17 juin, 2007

Pour ou contre la TVA "sociale", le point de vue de deux économistes

CONTRE : Liêm Hoang-Ngoc, économiste au CNRS

La question fondamentale en matière de fiscalité est : qui paie ? En raison du poids des impôts proportionnels (TVA, CSG…), le système fiscal français est déjà des plus injustes. La TVA représente aujourd'hui 51 % des recettes fiscales contre 17 % pour l'impôt sur le revenu. Les pauvres la paient au premier centime d'euro dépensé pour leur pain quotidien. Les 10 % des ménages les plus pauvres concèdent 8 % de leur revenu au paiement de la TVA. Les 10 % des ménages les plus riches ne lui consacrent que 3 % de leur revenu. La hausse de la TVA rendra l'impôt encore plus injuste en reportant sur les pauvres une part croissante du financement du budget.

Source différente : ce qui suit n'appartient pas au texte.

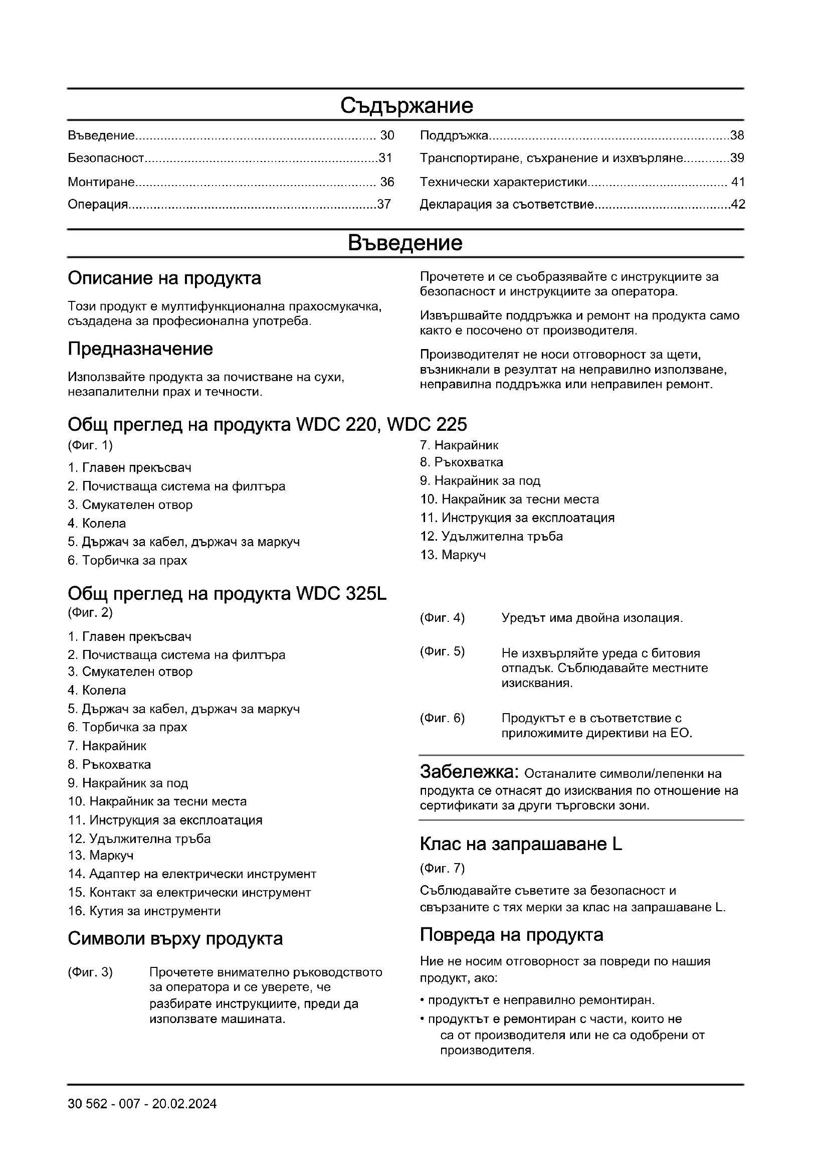За продукти от клас на запрашаване L, WDC 325L, преди ползване запознайте и обучете оператора: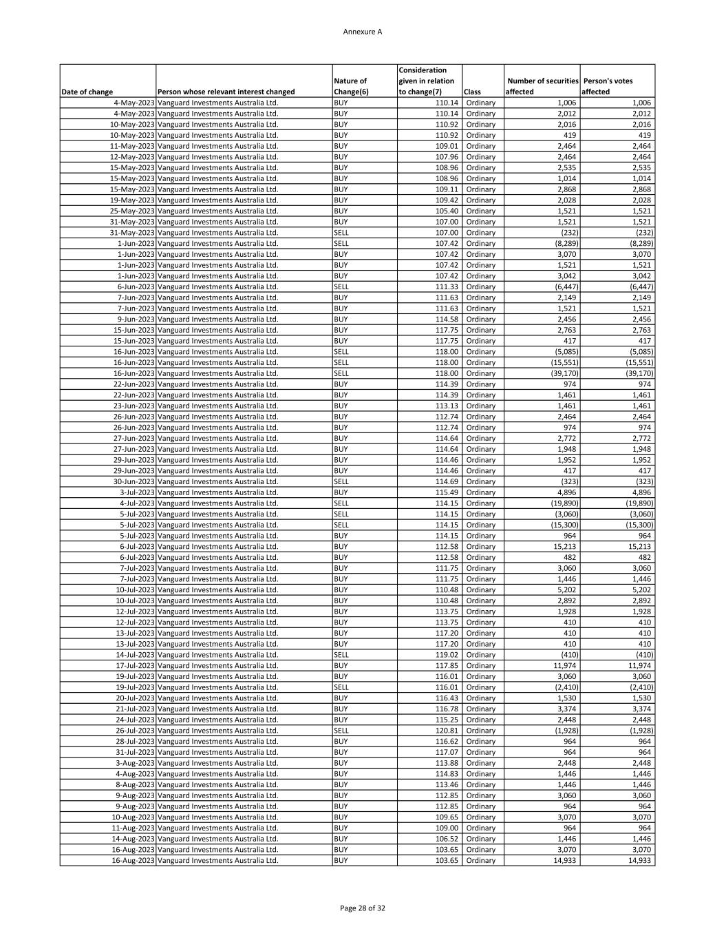 Annexure A Date of change Person whose relevant interest changed Nature of Change(6) Consideration given in relation to change(7) Class Number of securities affected Person's votes affected 4-May-2023 Vanguard Investments Australia Ltd. BUY 110.14 Ordinary 1,006 1,006 4-May-2023 Vanguard Investments Australia Ltd. BUY 110.14 Ordinary 2,012 2,012 10-May-2023 Vanguard Investments Australia Ltd. BUY 110.92 Ordinary 2,016 2,016 10-May-2023 Vanguard Investments Australia Ltd. BUY 110.92 Ordinary 419 419 11-May-2023 Vanguard Investments Australia Ltd. BUY 109.01 Ordinary 2,464 2,464 12-May-2023 Vanguard Investments Australia Ltd. BUY 107.96 Ordinary 2,464 2,464 15-May-2023 Vanguard Investments Australia Ltd. BUY 108.96 Ordinary 2,535 2,535 15-May-2023 Vanguard Investments Australia Ltd. BUY 108.96 Ordinary 1,014 1,014 15-May-2023 Vanguard Investments Australia Ltd. BUY 109.11 Ordinary 2,868 2,868 19-May-2023 Vanguard Investments Australia Ltd. BUY 109.42 Ordinary 2,028 2,028 25-May-2023 Vanguard Investments Australia Ltd. BUY 105.40 Ordinary 1,521 1,521 31-May-2023 Vanguard Investments Australia Ltd. BUY 107.00 Ordinary 1,521 1,521 31-May-2023 Vanguard Investments Australia Ltd. SELL 107.00 Ordinary (232) (232) 1-Jun-2023 Vanguard Investments Australia Ltd. SELL 107.42 Ordinary (8,289) (8,289) 1-Jun-2023 Vanguard Investments Australia Ltd. BUY 107.42 Ordinary 3,070 3,070 1-Jun-2023 Vanguard Investments Australia Ltd. BUY 107.42 Ordinary 1,521 1,521 1-Jun-2023 Vanguard Investments Australia Ltd. BUY 107.42 Ordinary 3,042 3,042 6-Jun-2023 Vanguard Investments Australia Ltd. SELL 111.33 Ordinary (6,447) (6,447) 7-Jun-2023 Vanguard Investments Australia Ltd. BUY 111.63 Ordinary 2,149 2,149 7-Jun-2023 Vanguard Investments Australia Ltd. BUY 111.63 Ordinary 1,521 1,521 9-Jun-2023 Vanguard Investments Australia Ltd. BUY 114.58 Ordinary 2,456 2,456 15-Jun-2023 Vanguard Investments Australia Ltd. BUY 117.75 Ordinary 2,763 2,763 15-Jun-2023 Vanguard Investments Australia Ltd. BUY 117.75 Ordinary 417 417 16-Jun-2023 Vanguard Investments Australia Ltd. SELL 118.00 Ordinary (5,085) (5,085) 16-Jun-2023 Vanguard Investments Australia Ltd. SELL 118.00 Ordinary (15,551) (15,551) 16-Jun-2023 Vanguard Investments Australia Ltd. SELL 118.00 Ordinary (39,170) (39,170) 22-Jun-2023 Vanguard Investments Australia Ltd. BUY 114.39 Ordinary 974 974 22-Jun-2023 Vanguard Investments Australia Ltd. BUY 114.39 Ordinary 1,461 1,461 23-Jun-2023 Vanguard Investments Australia Ltd. BUY 113.13 Ordinary 1,461 1,461 26-Jun-2023 Vanguard Investments Australia Ltd. BUY 112.74 Ordinary 2,464 2,464 26-Jun-2023 Vanguard Investments Australia Ltd. BUY 112.74 Ordinary 974 974 27-Jun-2023 Vanguard Investments Australia Ltd. BUY 114.64 Ordinary 2,772 2,772 27-Jun-2023 Vanguard Investments Australia Ltd. BUY 114.64 Ordinary 1,948 1,948 29-Jun-2023 Vanguard Investments Australia Ltd. BUY 114.46 Ordinary 1,952 1,952 29-Jun-2023 Vanguard Investments Australia Ltd. BUY 114.46 Ordinary 417 417 30-Jun-2023 Vanguard Investments Australia Ltd. SELL 114.69 Ordinary (323) (323) 3-Jul-2023 Vanguard Investments Australia Ltd. BUY 115.49 Ordinary 4,896 4,896 4-Jul-2023 Vanguard Investments Australia Ltd. SELL 114.15 Ordinary (19,890) (19,890) 5-Jul-2023 Vanguard Investments Australia Ltd. SELL 114.15 Ordinary (3,060) (3,060) 5-Jul-2023 Vanguard Investments Australia Ltd. SELL 114.15 Ordinary (15,300) (15,300) 5-Jul-2023 Vanguard Investments Australia Ltd. BUY 114.15 Ordinary 964 964 6-Jul-2023 Vanguard Investments Australia Ltd. BUY 112.58 Ordinary 15,213 15,213 6-Jul-2023 Vanguard Investments Australia Ltd. BUY 112.58 Ordinary 482 482 7-Jul-2023 Vanguard Investments Australia Ltd. BUY 111.75 Ordinary 3,060 3,060 7-Jul-2023 Vanguard Investments Australia Ltd. BUY 111.75 Ordinary 1,446 1,446 10-Jul-2023 Vanguard Investments Australia Ltd. BUY 110.48 Ordinary 5,202 5,202 10-Jul-2023 Vanguard Investments Australia Ltd. BUY 110.48 Ordinary 2,892 2,892 12-Jul-2023 Vanguard Investments Australia Ltd. BUY 113.75 Ordinary 1,928 1,928 12-Jul-2023 Vanguard Investments Australia Ltd. BUY 113.75 Ordinary 410 410 13-Jul-2023 Vanguard Investments Australia Ltd. BUY 117.20 Ordinary 410 410 13-Jul-2023 Vanguard Investments Australia Ltd. BUY 117.20 Ordinary 410 410 14-Jul-2023 Vanguard Investments Australia Ltd. SELL 119.02 Ordinary (410) (410) 17-Jul-2023 Vanguard Investments Australia Ltd. BUY 117.85 Ordinary 11,974 11,974 19-Jul-2023 Vanguard Investments Australia Ltd. BUY 116.01 Ordinary 3,060 3,060 19-Jul-2023 Vanguard Investments Australia Ltd. SELL 116.01 Ordinary (2,410) (2,410) 20-Jul-2023 Vanguard Investments Australia Ltd. BUY 116.43 Ordinary 1,530 1,530 21-Jul-2023 Vanguard Investments Australia Ltd. BUY 116.78 Ordinary 3,374 3,374 24-Jul-2023 Vanguard Investments Australia Ltd. BUY 115.25 Ordinary 2,448 2,448 26-Jul-2023 Vanguard Investments Australia Ltd. SELL 120.81 Ordinary (1,928) (1,928) 28-Jul-2023 Vanguard Investments Australia Ltd. BUY 116.62 Ordinary 964 964 31-Jul-2023 Vanguard Investments Australia Ltd. BUY 117.07 Ordinary 964 964 3-Aug-2023 Vanguard Investments Australia Ltd. BUY 113.88 Ordinary 2,448 2,448 4-Aug-2023 Vanguard Investments Australia Ltd. BUY 114.83 Ordinary 1,446 1,446 8-Aug-2023 Vanguard Investments Australia Ltd. BUY 113.46 Ordinary 1,446 1,446 9-Aug-2023 Vanguard Investments Australia Ltd. BUY 112.85 Ordinary 3,060 3,060 9-Aug-2023 Vanguard Investments Australia Ltd. BUY 112.85 Ordinary 964 964 10-Aug-2023 Vanguard Investments Australia Ltd. BUY 109.65 Ordinary 3,070 3,070 11-Aug-2023 Vanguard Investments Australia Ltd. BUY 109.00 Ordinary 964 964 14-Aug-2023 Vanguard Investments Australia Ltd. BUY 106.52 Ordinary 1,446 1,446 16-Aug-2023 Vanguard Investments Australia Ltd. BUY 103.65 Ordinary 3,070 3,070 16-Aug-2023 Vanguard Investments Australia Ltd. BUY 103.65 Ordinary 14,933 14,933 Page 28 of 32

Malgré la baisse des charges prévue, ni les grandes entreprises, sommées par leurs actionnaires de maximiser leurs marges, ni les PME, étranglées par leurs donneuses d'ordre, ne vont baisser leurs prix. Demander à un restaurateur s'il baissera ses prix si on lui accordait la baisse de TVA qu'il demande de 19,6 % à 5,5 %, il vous répondra non. Croyez-vous qu'il les baissera si on l'augmente à 22 ou 25 % ?

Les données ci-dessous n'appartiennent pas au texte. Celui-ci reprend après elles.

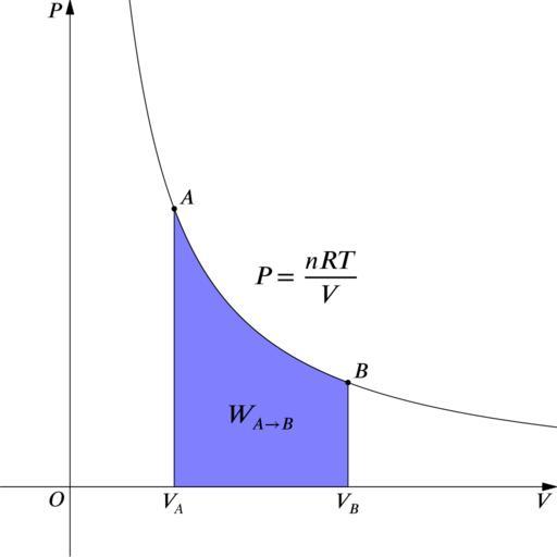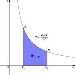 Keywords: Isothermal process.svg en Illustration of isothermal process 2011-06-20 own Netheril96 Created by Asymptote and converted by Inkscape Source file <pre> size 300 ; settings tex xelatex ; usepackage amsmath unicode-math ; texpreamble \setmathfont XITS Math ; import graph; xaxis V -50 450 Arrow ; yaxis P -50 350 Arrow ; label O 0 0 SW ; real f real x return 15000/x; ; guide g graph f f 350 350 operator ; label scale 1 2 Label P \dfrac T V g align 2 2 ; draw g ; pair A f 200 200 ;pair B 200 f 200 ; pair C 200 0 ;pair D f 200 0 ; filldraw graph f f 200 200 operator --C--D--cycle lightblue ; dot A ;dot B ; label A A NE ;label B B NE ; label V_B C S ;label V_A D S ; label scale 1 2 Label W_ A\to B 200+f 200 /2 50 ; </pre> cc-zero Uploaded with UploadWizard Isothermal process |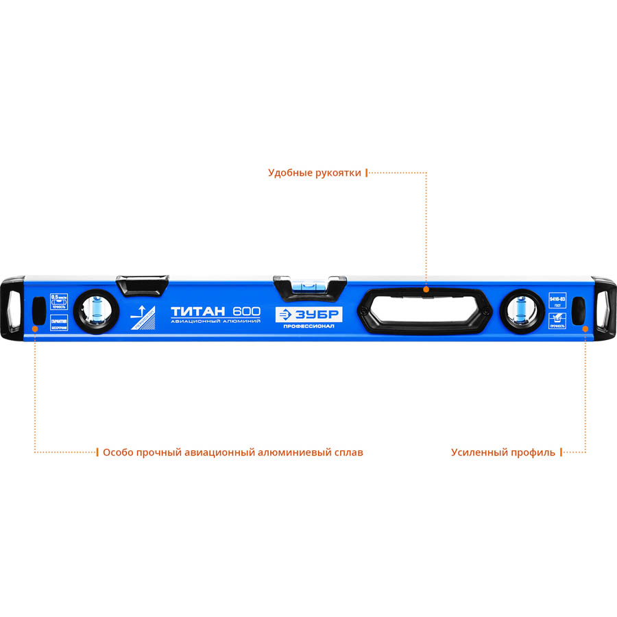 Уровень строительный ЗУБР 34587-060_z01, предназначен для контроля горизонтальности и вертикальности поверхностей. Изготовлены в соответствии с требованиями. Вертикальный глазок с окном на фронтальной плоскости для устранения ошибки углового зрения, увеличения скорости и удобства проведения измерений. Две дополнительные насечки на ампулах показывают уклон в 2°. Заглушки из ударопрочного пластика. Две ручки для удобства работы. Точность 0,5 мм/м.

Les baisses de cotisations sociales qui se sont déployées depuis 1993 n'ont aucunement enrayé la "vie chère". Avec une telle mesure, les prix augmenteront et provoqueront une détérioration du pouvoir d'achat des ménages, ce qui cassera la consommation, actuellement le seul moteur de la croissance. La hausse de la TVA allemande a déjà relancé l'inflation de 0,5 point au premier trimestre et risque de freiner la consommation intérieure. En apparence, la stratégie allemande est gagnante sur le terrain commercial parce que les industries d'outre-Rhin sont spécialisées sur des créneaux "hors coût" qui leur garantissaient déjà des débouchés mondiaux. La réforme fiscale permet surtout aux actionnaires allemands de bénéficier de dividendes en hausse…

La BCE, dont l'œil est rivé sur l'indice des prix, risquerait de relever une fois de plus ses taux d'intérêt. La croissance ralentie amenuiserait les recettes fiscales, déjà entamées par les baisses d'impôts directs. Les déficits se creuseraient, justifiant de nouvelles restrictions budgétaires en matière de redistribution. Un cercle vicieux s'instaurerait et les inégalités se creuseraient.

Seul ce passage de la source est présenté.